Reputation: 5021
I have a string for example:
s = 'Knorr 12x10g Fish bouillon cube'
I want to get 12x10g part using regex. The logic would be to find the first digit and extend it until find a first space. Right now I am just able to match only this specific string with the following regex.
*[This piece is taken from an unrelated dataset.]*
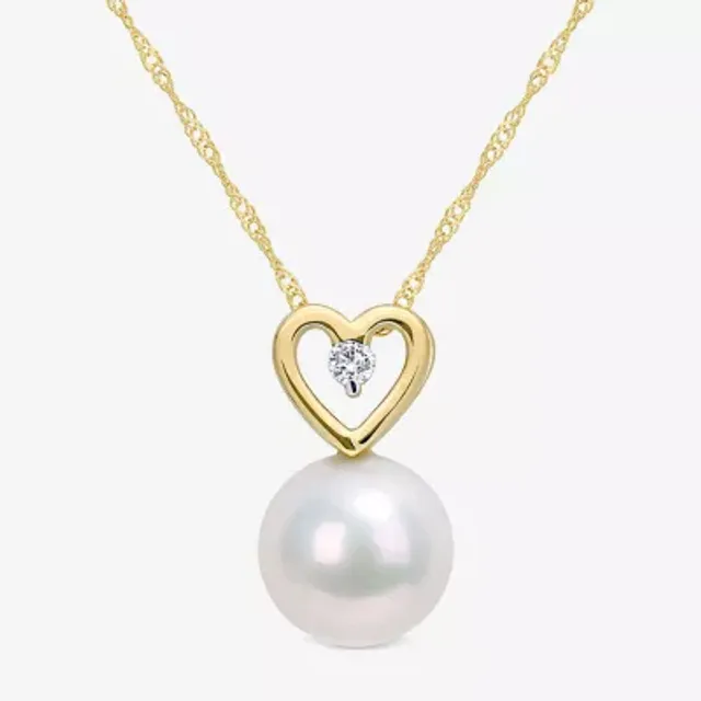 Womens Diamond Accent White Cultured Freshwater Pearl 10K Gold Heart Pendant Necklaces

val = re.findall(r'\s[0-9].x[0-9].g', s]
But I have kg, ml and other kinds of weights metrics in my data. So this regex not work with all. Any suggestions ? Thanks.
Upvotes: 1
Views: 83
Reputation: 6088
For regex:
\d+\w\d+\w*(?=\s)
Demo: https://regex101.com/r/1orSGQ/1
For Python
import re
text = '''s = 'Knorr 12x10g Fish bouillon cube'
s = 'Knorr 12x10kg Fish bouillon cube'
s = 'Knorr 12x10gram Fish bouillon cube'
'''
for m in re.finditer(r"\d+\w\d+\w*(?=\s)", text):
print('%s' % (m.group(0)))
Output
12x10g
12x10kg
12x10gram
Upvotes: 0
Reputation: 1127
\s[0-9]{1,}.x[0-9]{1,}[a-z]{1,}\s
After this, you can choose to use .strip()
to the derived string.
Upvotes: 1
Reputation: 626748
The logic would be to find the first digit and extend it until find a first space.
You may use \d\S*
regex:
import re
s = 'Knorr 12x10g Fish bouillon cube'
val = re.findall(r'\d\S*', s)
print(val)
See the Python demo
The re.findall
method will find all non-overlapping occurrences of substrings starting with a digit (\d
) with 0+ characters other than whitespace after it (\S*
). If the number of non-whitespaces should be non-zero, replace *
with +
(1 or more occurrences).
To avoid matching trailing punctuation, you may add \b
at the end of the regex pattern (r'\d\S*\b'
).
Upvotes: 2